Environment & Urbanization

World leading environmental and urban studies journal

Climate Change, Vulnerability and Migration

Author(s): 
S Irudaya Rajan, R B Bhagat

Publisher: 
Routledge

Pages: 
306

Year: 
2017

Climate Change, Vulnerability and Migration explores the impact of climate change on migration, particularly on the socioeconomically poor who are disproportionately vulnerable and bear the worst impacts from climate change-related events. Their heightened vulnerability is due to the prevalence of informal work, precarious land rights, subsistence agriculture, and lack of access to financial instruments and other forms of social protection. The book investigates people’s adaptive capacity and ability to cope with climate change, particularly by exploring the importance of remittances from families to those left behind.

The book is based on papers presented at two international conferences: the National Workshop on Migration and Global Environmental Change in India, organized by UNESCO and Foresight, and the Migration, Care Economy and Development seminar organized by the Centre for Development Studies and Professor K.C. Zachariah. It draws on several field studies from the Indian subcontinent, including India, Pakistan and Bangladesh.

The book discusses the concept of push and pull factors as multi-causal determinants of migration decisions. This includes economic factors as well as several social and political factors, including ethnic and social conflict in areas of origin, and political inclusiveness and migrant integration into the community in the destination area. The book analyses climate change as a driver of migration, particularly through socioeconomic and political drivers such as the loss of income, employment opportunities and livelihoods. However, the environmental factors also overlap and interweave with the economic, social and political drivers.

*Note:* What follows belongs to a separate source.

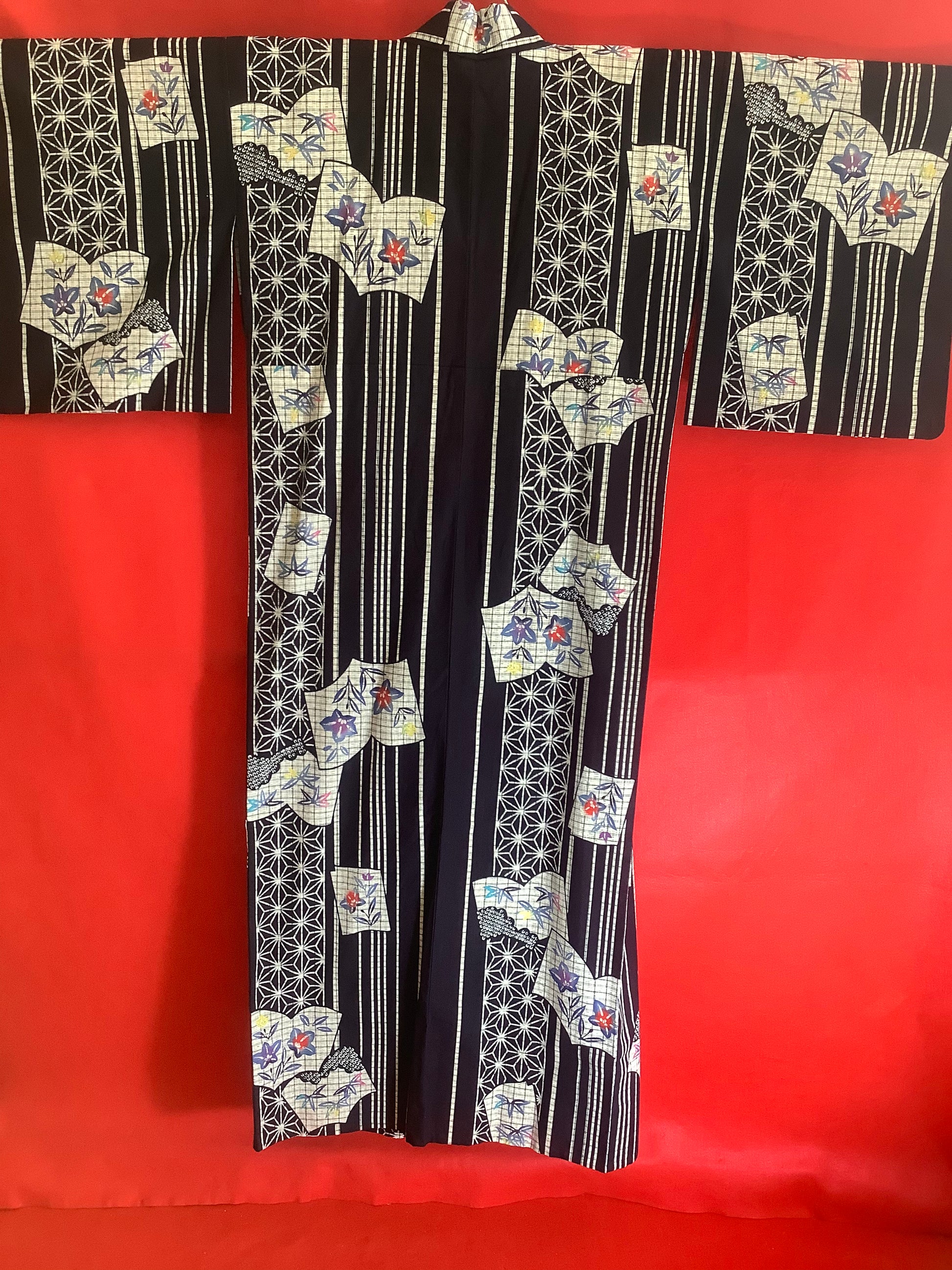 Cotton yukata with asanoha and open books. Condition is excellent.

Therefore, the direct effects of climate change on migration are difficult to isolate, measure and predict. Nonetheless, the book argues that migration and remittances from migrants should be understood as part of the adaptive solutions to climate change, as opposed to their negative framing in the mainstream.

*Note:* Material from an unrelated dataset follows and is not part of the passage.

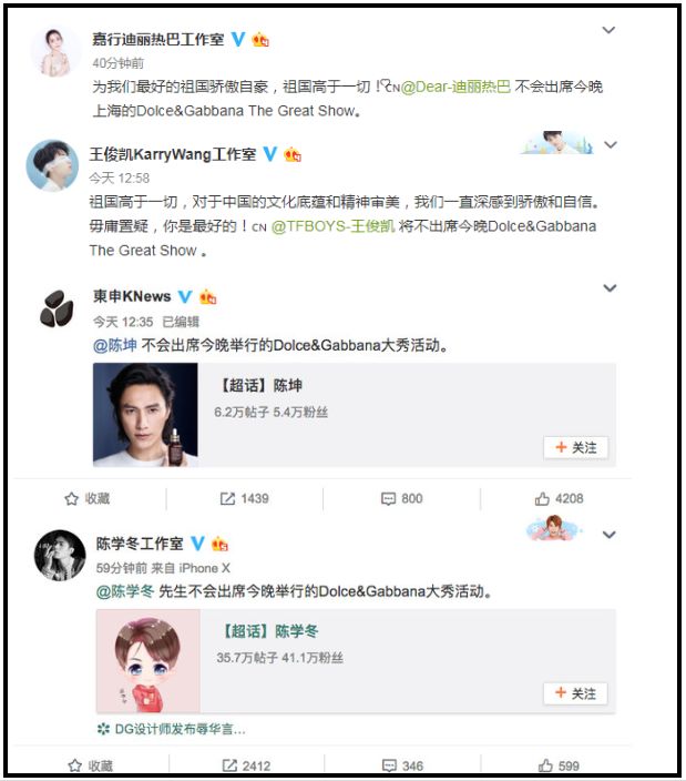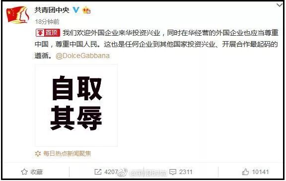 共青團中央也發布微博稱:「我們歡迎外國企業來華投資興業,同時在華經營的外國企業也應當尊重中國,尊重中國人民。這也是任何企業到其他國家投資興業、開展合作最起碼的遵循。」並艾特Dolce & Gabbana官微。

Chapter 6 describs the impact of remittances from labour migrants to the Gulf on their recipient families in North-West Pakistan. The study shows an overall positive effect as remittances improved households’ ability to satisfy basic needs, as well as invest in basic amenities, health and education. Remittances were also a fundamental coping mechanism and household economic stabilizer during emergency events such as natural disasters and violent conflicts. They functioned as an insurance mechanism, reducing long-term displacement of the recipient households.